Friday.

GOOD GRIEF. 
I made it through this ridiculous week. The hazing is now complete.

I will be treating myself to a pedicure tomorrow while Husband watches ONE and TWO (read: watches the LSU game while ONE runs wild, and TWO sits in a boppy pillow staring blankly)

I haven’t looked at my feet in a long time … but a toenail caught on my bedsheet last night as I was tossing and turning, and it reminded me I really need to pay attention to myself before I turn into “that” mom who “used to be cute.”

Also, it’s high time I got out of the house.

Open Letter.

To The Makers of Play-Doh,

You make my son very happy. However, I find your product stressful. 

It’s sticky and messy and impossible to clean out from underneath little fingernails. Also, children think it’s edible. Why? Because it’s salty. Like potato chips. 

You do not mesh well with my obsessive need for cleanliness. Actually, children don’t either.

That is all,
Harmony

The House of Screechers.

My children are taking turns screaming at the top of their lungs.

ONE has been very unlikable. That is putting it mildly. He is three and adjusting to his new life. I keep having to say that out loud, lest I completely LOSE it and lock him in the backyard until his daddy comes home.

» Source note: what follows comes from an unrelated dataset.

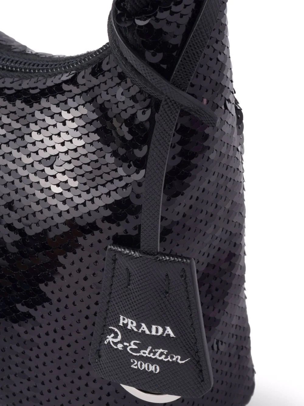 Prada revisits one of their iconic styles with this Re-Edition 2000 shoulder bag. Crafted in the brand's signature Re-Nylon - a material made from recycled plastics found in the ocean - the design is fully covered in sequins for a glimmering effect.

Things seem to be very slightly improving each day … or maybe I am just getting used to the cacophony of screeching that takes place from 7 a.m. – 7 p.m. or later. I hope it really is getting better, because no one likes to visit The Family Of Screechers.

But then, moments like this happen, and I have a glimmer of hope that I will have a normal life again one day, we will all like each other most of the time, and the screeching will cease.

Wow.

This stay-at-home mother-of-two gig is harder than I imagined it would be. 

After two days of child-rearing without anyone else helping me, I am exhausted. Also, I haven’t looked in a mirror since early this morning. So I took a self-portrait, just for fun.

As you can see, I am getting my ASS handed to me.

High Alert.

I have a confession to make.

I smugly thought I could handle two children without any problems. That’s called Mom Amnesia. I had forgotten how rough it can be at the beginning. The lack of sleep, the nonstop crying, the tired arms from carrying an infant all over the house. I forgot how much Husband and I fought after we had ONE. I forgot all of it, because I only remembered the good stuff. 

Now we have TWO and it’s all coming back to me. I am no longer smug. I am overwhelmed. But I am also stubbornly willing to do whatever I need to do to make it all work, so … IT WILL BE OKAY. There simply is no other option.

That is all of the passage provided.